Wrapping it up
A year-long project by Moscow artist Masha Sumnina will result in 365 sculptures – all contained within each other.
Moscow artist Masha Sumnina (b. 1977), well-known as one half of the artist duo MishMash, which she created together with her husband Mikhail Leikin (b. 1968) in 2001, has launched a new solo project called ‘Over & Over’. On January 1 this year, she announced that she would wrap the ‘Number 1’ cut from plywood in a new layer of self-made packaging every day. Two months have already passed, and the artist is keeping her promise. Each layer is made out of a different material, from knitted wool to supermarket receipts, and the sculpture is getting bigger each day like an absurd fruit.

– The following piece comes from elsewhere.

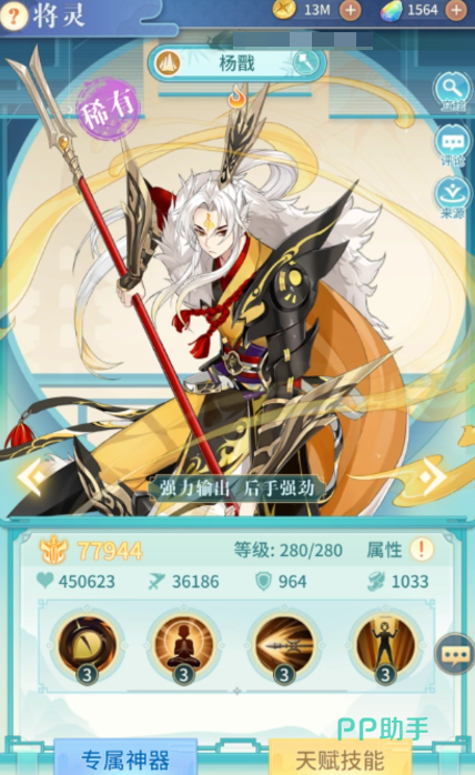 杨戬是游戏里的输出型的将灵,280级满级,可以提升到不同的星级,五星,六星,十星等,在不同星级时基础属性会随之提高,他的基础属性相当不错,攻击力达到了36186,生命值更是达到了惊人的450623,攻速也相当的可观。

You can see its progress on Sumnina’s Facebook page, where she posts daily photo updates on her project. The multi-layered work (in a very literal sense) immediately brings to mind both Christo and Jeanne-Claude’s wraps and traditional Russian matryoshka nesting dolls. On a closer look, it makes you reflect on the material and philosophical dimensions of time, the gap between documentation and reality, the fleeting nature of art and memory and even the very idea of progress. “It is just happening every day and when the year is over, it’s over,” the artist explains. Is this not the perfect way to sum up human existence in general?